3. Distribute and Collect Applications 

Share your Alabama rental application with interested renters. When collecting the completed forms, check that applicants have: 

  • Signed the consent and acknowledgment section
  • Submitted the application fee

You can streamline the process of sending and receiving applications with an online free rental application

Alabama Application Laws

Different states set their own laws regarding: 

  • Landlord-tenant rights
  • The questions landlords can ask on an application
  • Whether or not landlords can use information from applications to deny an applicant

The Alabama Fair Housing Law outlines Alabama’s rental application policies. Here’s what you need to know: 

Source of income: Landlords in Alabama can legally consider an applicant’s source of income when making a decision. 

Criminal history: There are no laws in Alabama prohibiting landlords from considering the results of a criminal background check.

Eviction history: Alabama law doesn’t prevent the use of eviction records during tenant screening. 

Portable tenant screening reports: You can use portable tenant screening reports in Alabama, but state law doesn’t require landlords to accept them. 

Pets, ESAs, and Service Animals

More than half of Alabama households own pets. If you haven’t already included a section for animals in your Alabama rental application, now’s a great time to do so. 

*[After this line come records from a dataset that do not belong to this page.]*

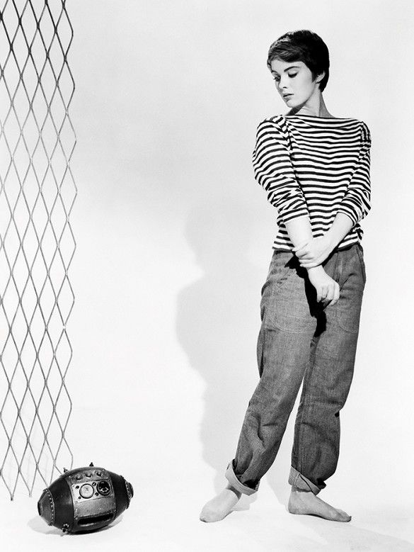 A while ago I made a moodboard for the capsule wardrobe I wanted to make, and photos of Jean Seberg kept coming up. In particular, these ones where she’s wearing jeans and a Breton tee…
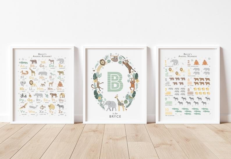 A super cute set of 3 Personalised Safari Nursery Prints for your little ones nursery or playroom. Add a touch of the wild to your kiddo's room. These gorgeous educational prints encourage conversation and learning everyday. Perfect for a thoughtful new baby gift or toddler birthday surprise.
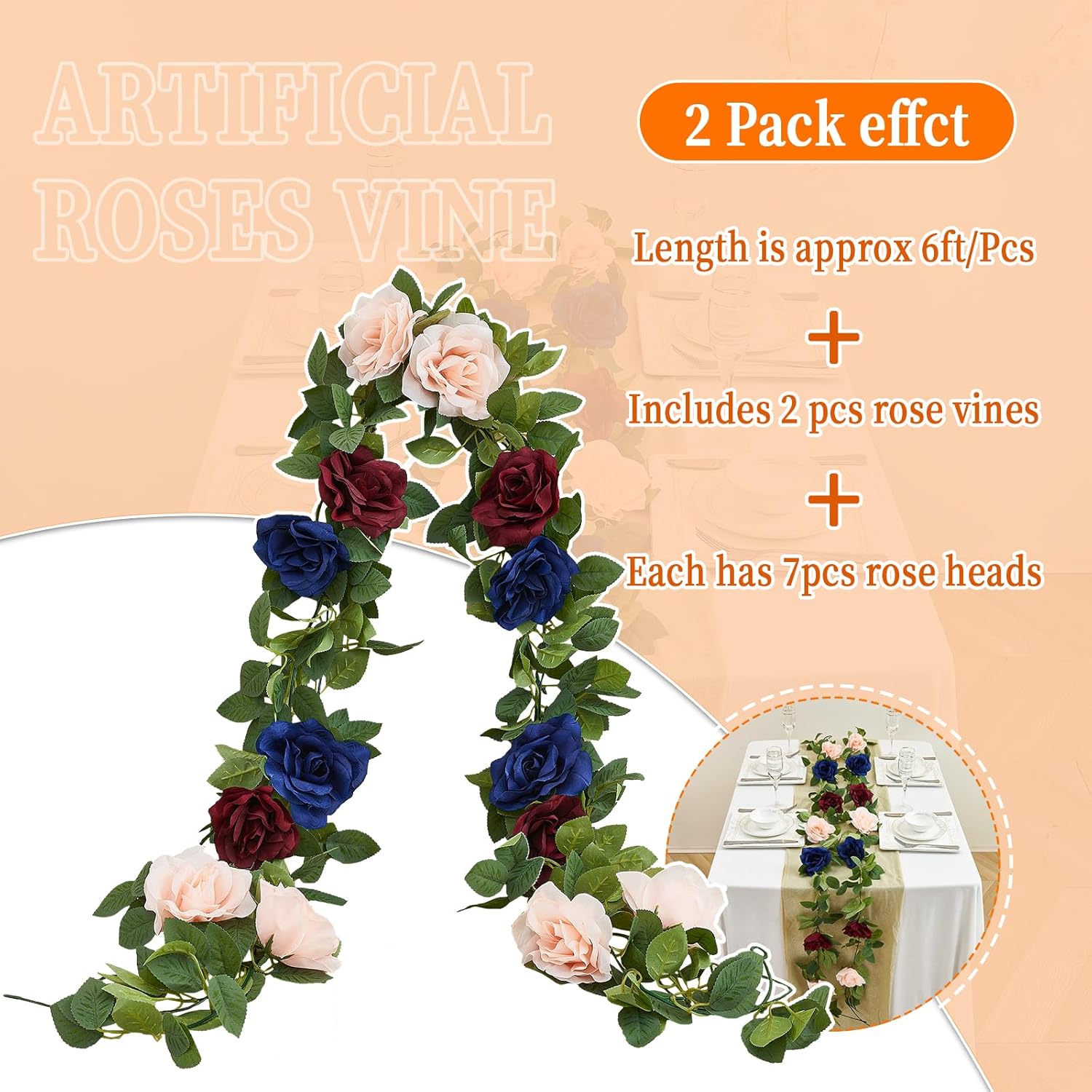 - 【LIFELIKE HANGING FLOWERS】These silk flower garlands are made of high quality silk material and plastic wrapped vines with vivid lifelike leaves; the leave is soft and comfortable to the touch, bringing the handmade fake vines to life and keeping them fresh and beautiful year after year.

You can’t legally discriminate against applicants who have an Emotional Support Animal (ESA) or service animal. However, tenants must pay for any damages their animal causes. 

Pet information: Ask about pets, ESAs, and service animals in the application. 

Fair Housing Act: This federal law prohibits landlords from: 

  • Discriminating against applicants based on their ESA/service animal
  • Charging tenants a pet deposit, pet rent, or pet fee for their ESA/service animal 
  • Denying housing based on their ESA/service animal’s breed, size, or weight 

Federal Application Laws

Attention all Alabama landlords! These are the federal laws you must follow when renting out a house or apartment: 

Fair Credit Reporting Act (FCRA): You must obtain an applicant’s written consent to conduct a credit check. If you deny an applicant based on credit history, you must inform them (Fair Credit Reporting Act).

Equal Credit Opportunity Act (ECOA): The ECOA protects renters who have received public assistance and regulates how landlords assess rental applications and credit reports (Equal Credit Opportunity Act).

Fair Housing Act (FHA): Landlords and any employees who select renters can’t deny housing based on:

  • Race
  • Color
  • National origin
  • Religion
  • Sex
  • Familial status
  • Disability 

The FHA prevents landlords from asking questions about FHA-protected characteristics, offering unequal rental terms, or practicing discriminatory advertising (Fair Housing Act).

Americans with Disabilities Act (ADA): Landlords can’t deny renters solely based on a disability, and they must accommodate the individual’s condition (Americans with Disabilities Act).

4. Use a Third-Party Screening Service 

Perform your due diligence by running a credit check, eviction check, and tenant background check using a tenant screening service such as TurboTenant.

5. Check Application References 

Reach out to the applicant’s professional and/or rental references. Use these sample questions to get the information you need: 

  • Would you ever consider renting to this tenant again?
  • Did the tenant ever violate the lease, or come close to doing so? 
  • What was the tenant paying for monthly rent?
  • Did they ever miss payments?
  • Did they take good care of the property?

6. Approve or Deny Applications 

We recommend accepting multiple applications on a first-come, first-served basis. Review the completed forms and make a decision based on: 

  • Rental history: Less than a year of rental history available? Consider requiring a co-signer.
  • Rent-to-income ratio: You want your tenant to have a rent-to-income ratio where the rent is below 30% of their gross income.
  • Credit score: Most landlords set a minimum credit score requirement within the 600–670 range.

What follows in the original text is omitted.